# AD&D in Northern Virginia



## Hammerforge (Oct 11, 2011)

Looking for one or two mature players to add to our current group. I'll be using 1st Edition AD&D with some house rules, set in post-Wars Greyhawk. We're currently nailing down a schedule, but it will probably be one or two Saturday afternoons each month. Sessions will likely take place in a public location (library room) in the McLean/Great Falls area for the time being until/unless someone wants to host in their own home.

Characters will start at level 1, though a couple players have characters from our previous sessions that have already earned XP (one is at 2nd level).

Adventures will be episodic, with each adventure being mostly unrelated to the ones before and after it (think episodes of Star Trek). Some connectedness between adventures is possible, but there won't be a long, involved story arc/plot that ties all the adventures together.

If you can get along well with others and think you'd be interested, reply here or PM me.


----------



## Hammerforge (Oct 20, 2011)

Next game is scheduled for Oct. 29 in McLean, from 12 noon until 5 p.m.

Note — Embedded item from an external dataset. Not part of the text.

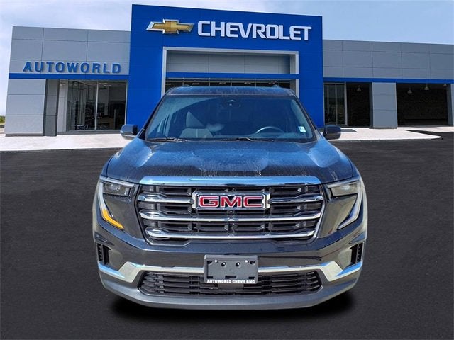 This 2025 GMC Acadia Elevation in Ebony Twilight Metallic comes with the following features: 2.5L DOHC 8-Speed Automatic AWD Preferred Equipment Group 4SD, 12 Speakers, 18 x 7.5 Aluminum Wheels, 2-Way Driver Power Lumbar Seat Adjuster, 3.49 Final Drive Axle Ratio, 3rd row seats: split-bench, 4-Way Manual Front Passenger Seat Adjuster, 4-Wheel Disc Brakes, 8-Passenger Seating (2-3-3 Seating Configuration), 8-Way Power Driver Seat Adjuster, ABS brakes, Air Conditioning, Alloy wheels, AM/FM radio: SiriusXM with 360L, Apple CarPlay/Android Auto, Auto High-beam Headlights, Auto-dimming Rear-View mirror, Automatic temperature control, Bodyside moldings, Brake assist, Bumpers: body-color, Cloth Seat Trim, Compass, Delay-off headlights, Driver door bin, Driver vanity mirror, Dual front impact airbags, Dual front side impact airbags, Electronic Stability Control, Emergency communication system: OnStar Services capable, Exterior Parking Camera Rear, Four wheel independent suspension, Front anti-roll bar, Front Bucket Seats, Front Center Armrest, Front dual zone A/C, Front fog lights, Front License Plate Bracket, Front reading lights, Fully automatic headlights, Heated door mirrors, Heated front seats, Heated steering wheel, Illuminated entry, Leather steering wheel, Low tire pressure warning, Navigation System, Occupant sensing airbag, Outside temperature display, Overhead airbag, Overhead console, Panic alarm, Passenger door bin, Passenger vanity mirror, Power door mirrors, Power driver seat, Power Liftgate, Power steering, Power windows, Radio data system, Rear air conditioning, Rear anti-roll bar, Rear reading lights, Rear seat center armrest, Rear side impact airbag, Rear window defroster, Rear window wiper, Remote keyless entry, Security system, Speed control, Speed-sensing steering, Split folding rear seat, Spoiler, Sport steering wheel, Steering wheel mounted audio controls, Tachometer, Telescoping steering wheel, Tilt steering wheel, Traction control, Trip computer, Turn signal indicator mirrors, Variably intermittent wipers, and Voltmeter.

Still 1-2 slots open.


----------



## spiralz (Oct 20, 2011)

T'would be nice but I head back to the family home on weekends... I'm in NoVA weekdays.


----------



## OldschoolDnD (Jan 31, 2012)

I have a group playing a 1st/2nd edition mesh in Fairfax based in the Dragonlance. nice to see another noVa old schooler. where do you play out of ?  Im looking for new players too its tough finding people who like playing vintage.


----------



## spiralz (Jan 31, 2012)

OldschoolDnD said:


> I have a group playing a 1st/2nd edition mesh in Fairfax based in the Dragonlance. nice to see another noVa old schooler. where do you play out of ? Im looking for new players too its tough finding people who like playing vintage.




Lately not much of anywhere these days. There is a group I meet up with once in a while on Wednesdays but with work there's more cancellations than game nights.


----------



## OldschoolDnD (Feb 1, 2012)

I got a game setup in annadale on saturday


----------



## spiralz (Feb 2, 2012)

Ah, well good luck with that... *chuckle* I'm not in the area on weekends only during the work week.


----------



## Artur Hawkwing (Feb 2, 2012)

OldschoolDnD said:


> I got a game setup in annadale on saturday




You're welcome.


----------